Nunca fomos tão década de 90. Só que pioramos.



Acompanho o noticiário do Rio de Janeiro, com um misto de saudade, pertencimento e perplexidade. E o noticiário acertou em cheio a minha caixa de memórias.

Em 1992, era então estudante de Jornalismo na ECO-UFRJ. Tomava dois ônibus para ir e outros dois para voltar pra casa. Moradora da Ilha do Governador, fui eu escolher uma faculdade que ficava em um campus na zona sul da cidade. E, pior, a Linha Vermelha estava sendo construída. Eu levava horas dentro dos ônibus. Mas, aos 19 anos, a gente encara tudo. 

Naquele ano, gringos ficaram encantados com a segurança – em níveis suecos – da cidade. E a gente enxergava tanques do Exército em frente a várias favelas cariocas. Eram dias de ECO-92 e a violência migrava para a Baixada Fluminense.

Em 1994, já nos semestres finais, estagiava em TV e trabalhava em rádio. Na televisão, aprendi a ver de tudo um pouco. Ora você está acompanhando a entrevista de um professor da PUC falando sobre o aumento do salário-mínimo. Ora você está em uma favela. E, naquele ano, o Exército realizava blitze nas comunidades cariocas. Cada dia era em um morro. E, de praxe, à tarde era coletiva no Comando Militar do Leste. 
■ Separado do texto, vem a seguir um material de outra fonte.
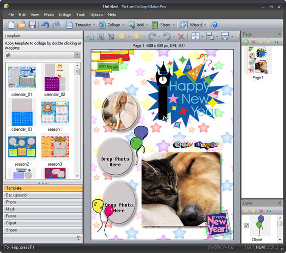 Picture Collage Maker - простая в использовании программа для создания коллажей из ваших фотографий. Простой интерфейс программы и множество шаблонов позволят легко создавать разнообразные фотоколлажи (календари, поздравительные открытки, пригласительные билеты, постеры и т.д.) даже неопытным пользователям. Создание коллажей - это расслабляющее время-провождение, помогающее превращать собранные фотографии в драгоценные воспоминания. Это самый легкий способ создания коллажей с применением вращений, изменения размеров, положений, обрамлений, маскировки, слияния и применением различных эффектов для каждой картинки по-отдельности. Результат может быть сохранен в форматах JPG, BMP, TIFF, GIF, WMF, TGA, PNG или установлен в качестве фонового рисунка для рабочего стола.

Não, não era 2018. Era 1994.

Numa dessas incursões, estava com uma equipe no Morro dos Macacos. E foi aí que eu assisti a uma aula de Antropologia da vida real. O Exército não estava lá. A tropa acabara de sair. Vimos  pessoas encostadas em telefones públicos, observando o “movimento”. Os “simpáticos” homens do tráfico olhavam os transeuntes de forma atravessada. Os fios dos telefones estavam cortados. Era o recado de que o “Disque-Denúncia” não ia funcionar.
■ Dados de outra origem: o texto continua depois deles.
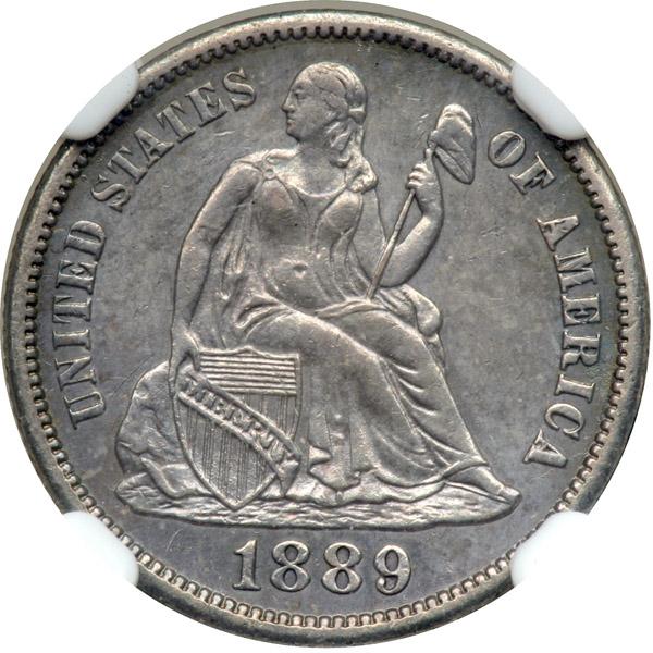 1889-S. NGC graded AU-58. Evenly toned. Only 972,678 minted.

Já entre 1995 e 1996, eu estava no Terceiro Setor e, num dia, fui parar numa cena que, para mim, foi uma mistura de Antropologia com Sociologia. De um lado, uma viatura da Polícia; do outro, pessoas do tráfico dentro de uma padaria. Em meio a eles, ruas de terra, água não encanada, esgoto não tratado, a região sem as mínimas condições de higiene.
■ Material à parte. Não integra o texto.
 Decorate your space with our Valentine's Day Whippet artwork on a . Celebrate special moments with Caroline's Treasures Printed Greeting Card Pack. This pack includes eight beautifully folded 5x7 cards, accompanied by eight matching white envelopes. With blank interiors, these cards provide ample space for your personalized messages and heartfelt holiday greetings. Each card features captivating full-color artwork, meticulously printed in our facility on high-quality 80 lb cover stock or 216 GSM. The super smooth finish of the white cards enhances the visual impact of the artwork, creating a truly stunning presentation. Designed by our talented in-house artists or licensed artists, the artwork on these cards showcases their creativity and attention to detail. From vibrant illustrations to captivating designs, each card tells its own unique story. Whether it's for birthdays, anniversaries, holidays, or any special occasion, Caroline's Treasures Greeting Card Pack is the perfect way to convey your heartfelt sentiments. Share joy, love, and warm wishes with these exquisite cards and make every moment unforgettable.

Tudo o que vivenciei profissional e pessoalmente na década de 90 está presente no noticiário de 2018. Só que com um tom diferente. Estamos mais intolerantes? Ou, sempre fomos ? Investimos pesadamente em tecnologia, mas deixamos de lado o básico, o essencial – respeito, informação, educação. Estamos mais próximos da selvageria e ao mesmo tempo falamos tanto em nova cultura, novas gerações. O novo que não atrai, que "polariza", que faz de mim o (a) seu (sua) inimigo (a).

Alguma coisa está , sem dúvida, fora da ordem. E não é a mídia. Não é o seu amigo compartilhando notícia falsa. Isso tudo é consequência. A causa, infelizmente, está diante do espelho. Somos nós.

Acreditar que é possível remar contra a maré é cansativo. Às vezes, inacreditável. Mas, é o caminho que vejo. Não enxergo uma saída onde sejam requisitos  passar pra trás o outro, maltratar, julgar e pensar em si mesmo. Espero que mais pessoas também acreditem nisso.